HeraMED Pty Ltd supplied the heartbeat monitors used in the study on loan and supplied media images of the heartbeat monitor system for inclusion in the manuscript. HeraMED did not have a role in protocol design, data acquisition, or analysis. Data remain the property of the named investigators. The authors had access to relevant aggregated study data and other information (such as study protocol-analytic plan and report-validated data table, and clinical study report) required to understand and report research findings. The authors take responsibility for the presentation and publication of the research findings, have been fully involved at all stages of publication and presentation development, and are willing to take public responsibility for all aspects of the work. All individuals included as authors and contributors who made substantial intellectual contributions to the research-data analysis, and publication or presentation development are listed appropriately. The role of the sponsor in the design, execution, analysis, reporting, and funding is fully disclosed. The authors' personal interests, financial or nonfinancial, relating to this research and its publication have been disclosed.
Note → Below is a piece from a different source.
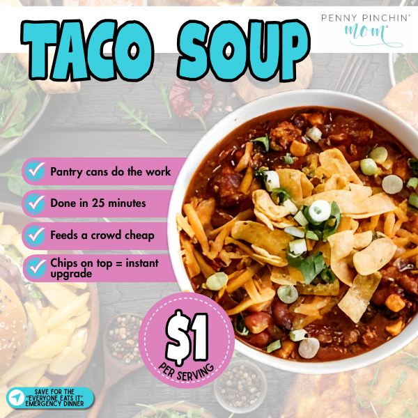 Start with Honey Garlic Chicken Thighs with Rice if you need something that tastes way more expensive than $7, try Taco Soup when you need to stretch one pound of meat into six servings, or make Sausage and Potato Hash on nights when you just need everyone fed and happy. Pick one for tonight. Cook it in one pot. Wash that one pot. You’re not choosing between your budget and your sanity anymore – you’re protecting both. That peace with four nights of spaghetti? You don’t need to make it anymore.

Ethical approval was obtained from the Ramsay Health Care Human Research Ethics Committee of Victoria and New South Wales (reference No. 2020-005).

This was a prospective, single-center, clinical study. We recruited participants as a convenience sample in the obstetrics department of a large metropolitan hospital in Western Australia. Women aged 18 years or older with a self-reported singleton pregnancy of at least 12 weeks of gestation were approached to participate in the study. Women who could not read English, who had a skin rash or condition on the abdomen that could be irritated by the ultrasound gel, or who had a pacemaker or other implantable electronic devices were excluded. Women who did not have access to a smartphone or internet connectivity were unable to participate in the home-recording sessions. Enrollment was undertaken by research nurses who explained the study and obtained written informed consent.

The heartbeat monitor is held on the abdomen by the user, weighs 130 g, and is 9 cm in diameter (Fig. 1). It employs ultra-wide beam Doppler technology and integrates a novel optical sensor to directly monitor the maternal heart rate from the abdomen, eliminating FHR–maternal heart rate cross talk. The heartbeat monitor system includes a smartphone-based interface that guides device placement and displays the FHR trace and calculated parameters (average FHR and maternal heart rate using beat-to-beat calculation, duration of FHR trace, duration of search time, and longest continuous FHR segment) on a Bluetooth-connected smartphone. A printable recording of the fetal and maternal heart rates is produced for onsite or remote review (Fig. 2). Clinicians can use a manual method to place the device directly on the appropriate position on the abdomen without voice guidance. The system is compliant with the HIPAA (Health Insurance Portability and Accountability Act) policies on privacy and transmission capabilities. The heartbeat monitor system specifications and safety claims are presented in Appendix 1, available online at

Fig. 1.
Fig. 1.:
Fetal heart rate monitoring system with the device and integrated smartphone interface. Image courtesy of HeraMED Ltd. Used with permission.Porter. Assessing a Home Fetal Heart Rate Monitor. Obstet Gynecol 2021.
Fig. 2.
Fig. 2.:
Data output from the fetal heart rate (FHR) monitoring system. MHR, maternal heart rate.Porter. Assessing a Home Fetal Heart Rate Monitor. Obstet Gynecol 2021.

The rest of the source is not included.